There’s an #include directive for the iomanip header because the code uses manipulators to control the formatting of the output. You define variables red and white as unsigned integers and initialize them with hexadecimal color values.

It will be convenient to display the data as hexadecimal values, and inserting std::hex in the output stream does this. The hex is modal, so all subsequent integer output will be in hexadecimal format. It will be easier to compare output values if they have the same number of digits and leading zeros. You can arrange for this by setting the fill character as 0 using the std::setfill() manipulator and ensuring the field width for each output value is the number of hexadecimal digits, which is 8. The setfill() manipulator is modal, so it remains in effect until you reset it. The std:: setw() manipulator is not modal; you have to insert it into the stream before each output value.

You combine red and white using the bitwise AND and OR operators with these statements:

  std::cout << "\nBitwise AND red & white = " << std::setw(8)  << (red & white);
  std::cout << "\nBitwise  OR red | white = " << std::setw(8)  << (red | white);

The parentheses around the expressions are necessary here because the precedence of << is higher than & and |. Without the parentheses, the statements wouldn’t compile. If you check the output, you’ll see that it’s precisely as discussed. The result of ANDing two bits is 1 if both bits are 1; otherwise, the result is 0. When you bitwise-OR two bits, the result is 1 unless both bits are 0.

Next, you create a mask to use to flip between the values red and white by combining the two values with the XOR operator. The output for the value of mask shows that the exclusive OR of two bits is 1 when the bits are different and 0 when they’re the same. By combining mask with either color values using exclusive OR, you obtain the other. This means that by repeatedly applying exclusive OR with a well-chosen mask, you can toggle between two different colors. Applying the mask once gives one color, and applying it a second time reverts to the original color. This property is often exploited in computer graphics when drawing or rendering using a so-called XOR mode.

The last group of statements demonstrates using a mask to select a single bit from a group of flag bits. The mask to select a particular bit must have that bit as 1 and all other bits as 0. To select a bit from flags, you just bitwise-AND the appropriate mask with the value of flags . To switch a bit off, you bitwise-AND flags with a mask containing 0 for the bit to be switched off and 1 everywhere else. You can easily produce this by applying the complement operator to a mask with the appropriate bit set, and bit6mask is just such a mask. Of course, if the bit to be switched off was already 0, it would remain as 0.

Enumerated Data Types

You’ll sometimes need variables that have a limited set of possible values that can be usefully referred to by name—the days of the week, for example, or the months of the year. An enumeration provides this capability. When you define an enumeration, you’re creating a new type, so it’s also referred to as an enumerated data type.
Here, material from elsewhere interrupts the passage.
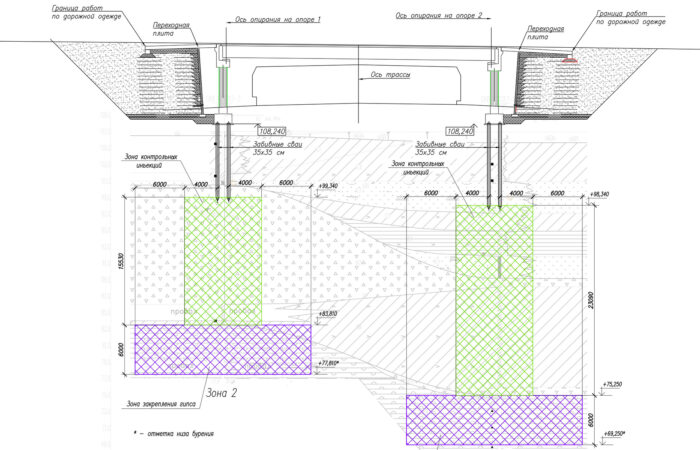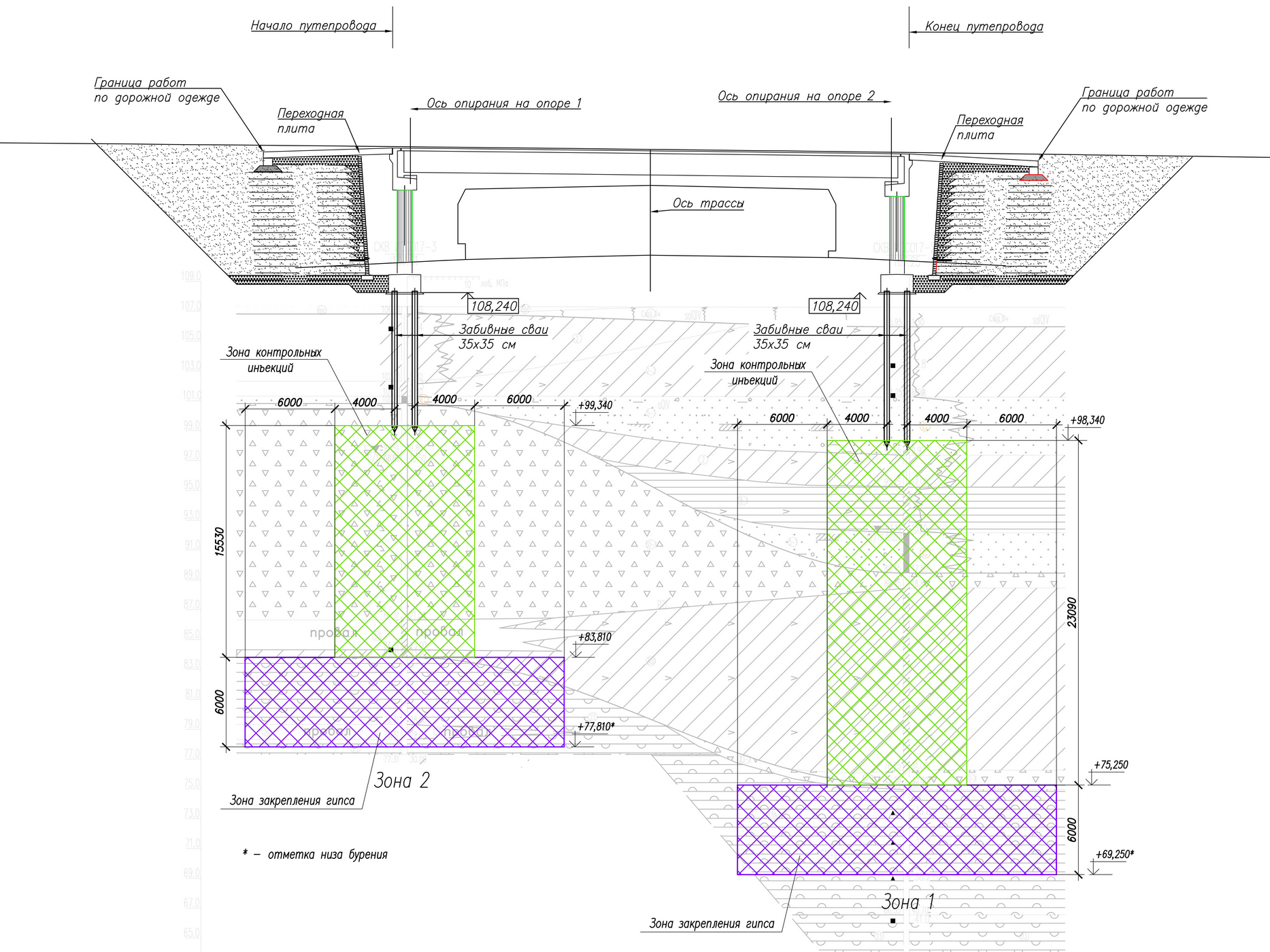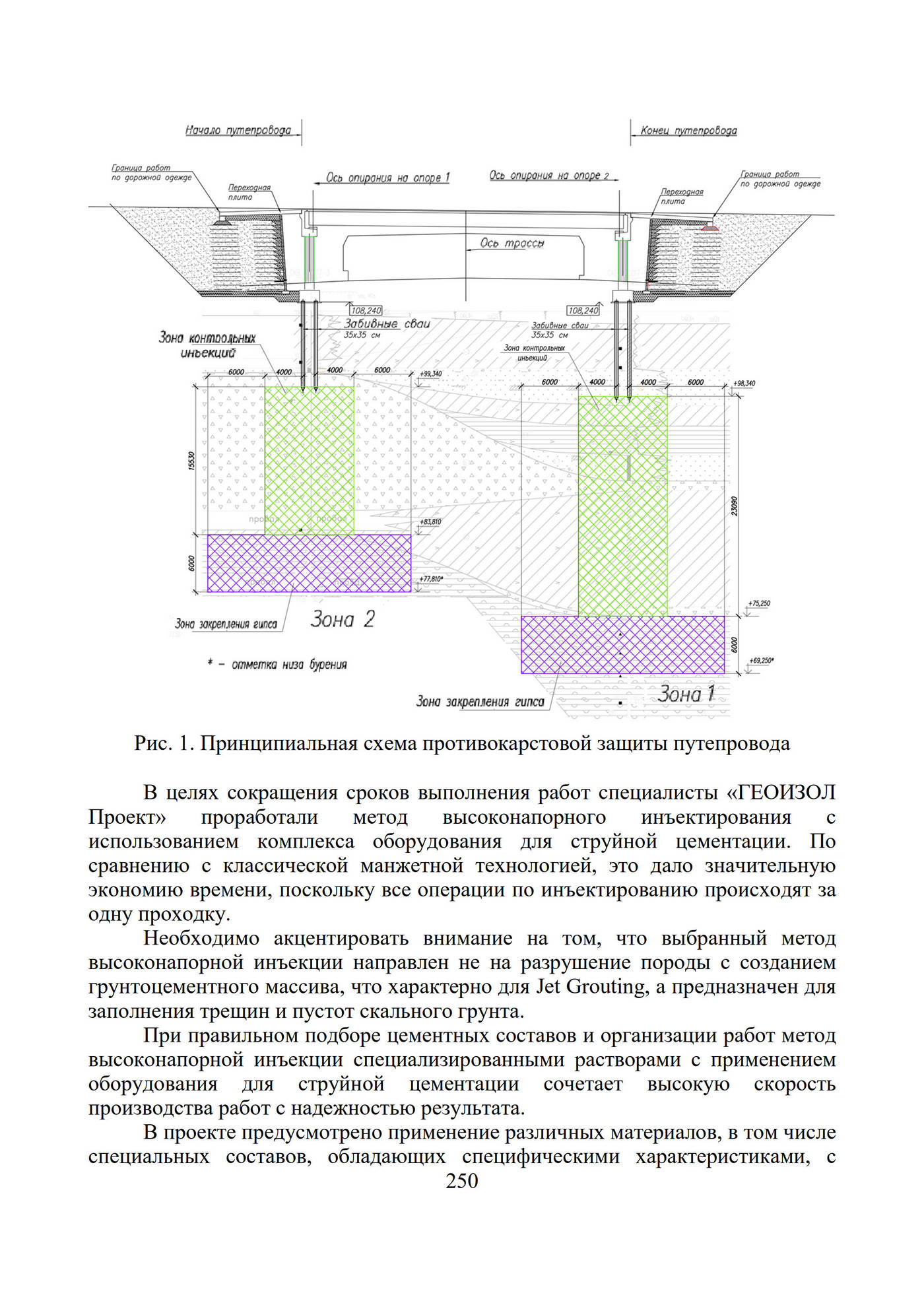 В итоге был принят вариант инъекционного закрепления (рис. 1), который предполагает исключение рисков развития карстовых процессов путем заполнения пустот, полостей, трещин и зон разрушения карстующихся пород и покрывающей толщи.

Let’s create an example using one of the ideas we just mentioned—a type for variables that can assume values corresponding to days of the week . You can define this as follows:

enum class Day {Monday, Tuesday, Wednesday, Thursday, Friday, Saturday, Sunday};

This defines an enumerated data type called Day, and variables of this type can only have values from the set that appears between the braces, Monday through Sunday. If you try to set a variable of type Day to a value that isn’t one of these values, the code won’t compile. The symbolic names between the braces are called enumerators .

Each enumerator will be automatically defined to have a fixed integer value of type int by default. The first name in the list, Monday, will have the value 0, Tuesday will be 1, and so on, through to Sunday with the value 6. You can define today as a variable of the enumeration type Day with the following statement:

Day today {Day::Tuesday};

You use type Day just like any of the fundamental types. This definition for today initializes the variable with the value Day::Tuesday. When you reference an enumerator, it must be qualified by the type name.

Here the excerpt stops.